Mark, having regained consciousness, takes the notepad with Sturnmuller's account to his boss, Gunnarson, who initiates a manhunt. Barney overhears this on his police car radio. He retrieves his old patrolman's uniform and goes into hiding. Through a shady acquaintance, he arranges to flee to Buenos Aires, but when he goes to pick up the ticket at a crowded swimming pool, he finds he has been set up – a bandaged Michaels is there. Barney himself had been attempting a swindle, as the money he had handed over as payment for the getaway documents were newspaper clippings. He and Michaels shoot it out, and the panicked swimmers dive for cover. Barney manages to kill him, then heads to the new house to retrieve the money he hid. By then, however, Mark has figured out that Barney had hidden the $25,000 there, and the police converge on the house as Barney arrives. He shoots it out with them and manages to dig up the money, but as he emerges from the yard, he is confronted by several policemen. He fires at them, and they shoot him dead.

==Cast==
- Edmond O'Brien as Barney Nolan
- Marla English as Patty Winters
- John Agar as Mark Brewster
- Emile Meyer as Capt. Gunnarson
- Carolyn Jones as Beth, the Girl at Bar
- Claude Akins as Fat Michaels
- Lawrence Ryle as Laddie O'Neil (as Larry Ryle)
- Herbert Butterfield as Cabot
- Hugh Sanders as Packy Reed
- William Schallert as Assistant D.A.
- Richard Deacon as The Professor (uncredited)

==Reception==

===Box office===
According to producer Aubrey Schenck, the film "grossed a lot of money, you wouldn't believe how much; on television it's made a fortune."

===Critical response===
In a contemporary review for The New York Times, critic Oscar Godbout wrote: "What weaknesses there are in this film—and for that matter, values—seem to be the responsibility of Mr. O'Brien and Howard Koch, the directors. Too little attention was paid to the niceties of acting, with the exception of Mr. O'Brien's in the lead. ... And the merits are pleasant to relate. The story is intelligent and unstrained; qualities too rarely seen in films of this genre. There is little or no padding (a major achievement) and, although the direction sometimes smacks of haste, talent is definitely indicated. ... The pity of low-budget pictures is that often they reflect their limited means. 'Shield for Murder' does just that, and suffers as a result. Fine work is rarely achieved by hurried, impulsive methods."
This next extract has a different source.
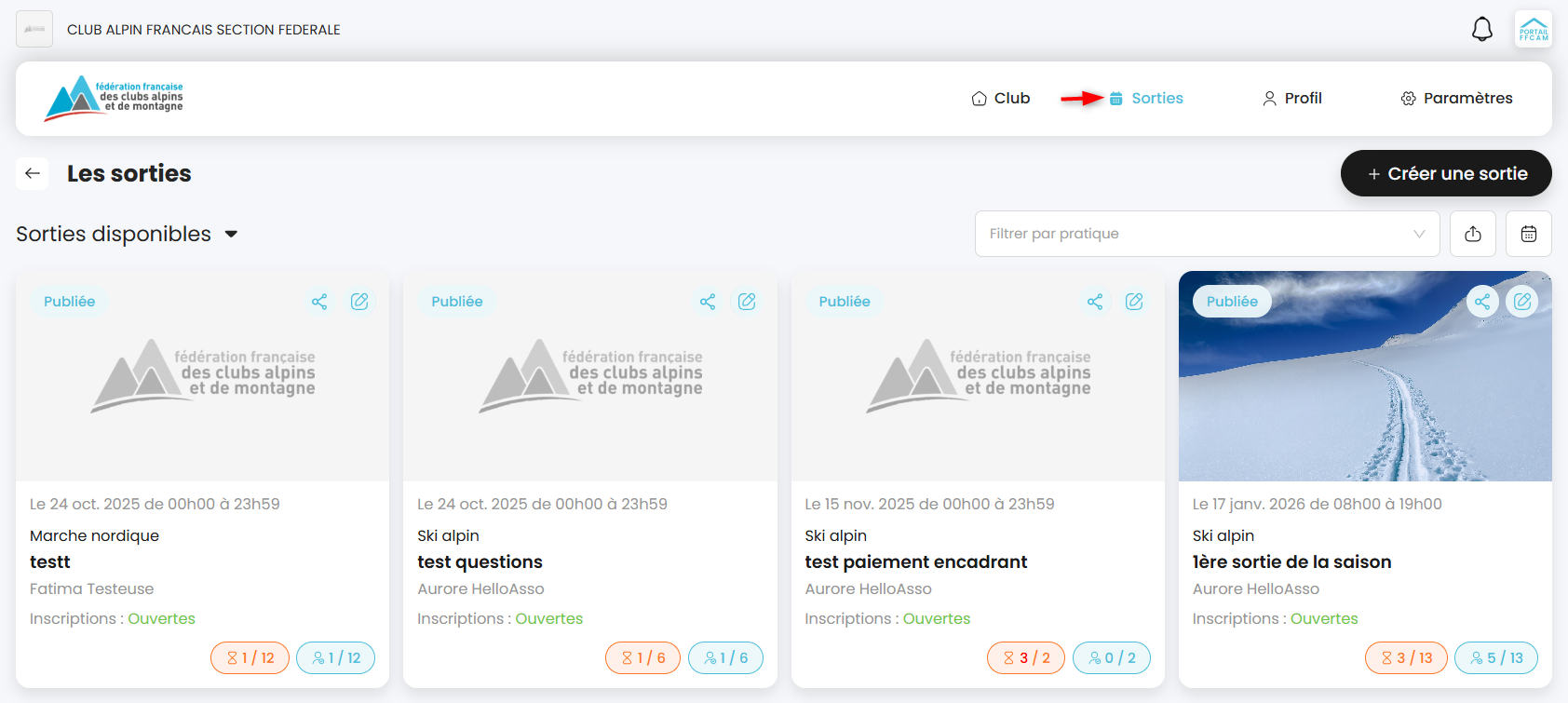 2. Cliquez sur la sortie où vous souhaitez contacter vos participants

Critic Leonard Maltin called Shield for Murder "a tidy, tough yarn," and gave it a rating of two-and-a-half stars (out of four).
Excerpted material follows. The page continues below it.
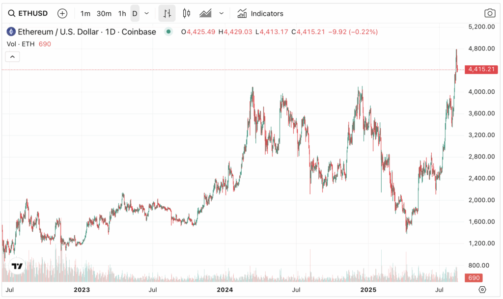Ethereum (ETHUSD), the second largest crypto asset by market cap after Bitcoin, soared to new multi-year highs this month. The $500-billion asset broke the psychological $4,000 resistance level and immediately jumped 20 percent to $4,800. Overbought, a healthy consolidation back to that former resistance – now potentially support – is underway.
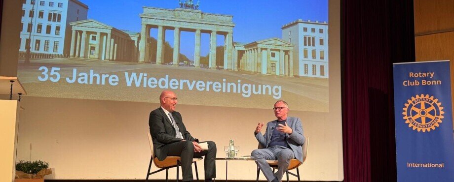 Die elf Clubs der Bonner Region, die seit über 50 Jahren in einem Koordinierungsausschuss miteinander verbunden sind, kommen alljährlich zu einer gemeinsamen Veranstaltung zusammen. In diesem Jahr hatte der RC Bonn die Federführung. Traditionsgemäß wird ein prominenter Redner eingeladen. Diesmal war es Matthias Gehler, Pressesprecher der letzten – und einzigen frei gewählten – DDR-Regierung. Er diskutierte im 35. Jahr der Wiedervereinigung mit dem Präsidenten des Hauses der Geschichte in Bonn, Harald Biermann, wie es um das Zusammenwachsen bestellt ist.

In Film Noir: An Encyclopedic Reference to the American Style, film historian Carl Macek praises the effectiveness with which the film's subtext and conclusion, a midnight shootout in a labyrinth of tract homes under construction, "explodes the myth of suburbia. The corruption found in the police officer is carried over into his cozy environment of built-in dishwashers and two-car garages. O'Brien transcends his characterization of the policeman on the take and becomes a symbol of decaying middle-class values."

In his 1986 history, The United Artists Story, Ronald Bergan regarded Shield for Murder as one of the company's better low-budget 1954 releases, offering a "plum role" for director-star O'Brien. He also noted that it was rare in the movies of the 1950s to have a completely rotten cop as a protagonist.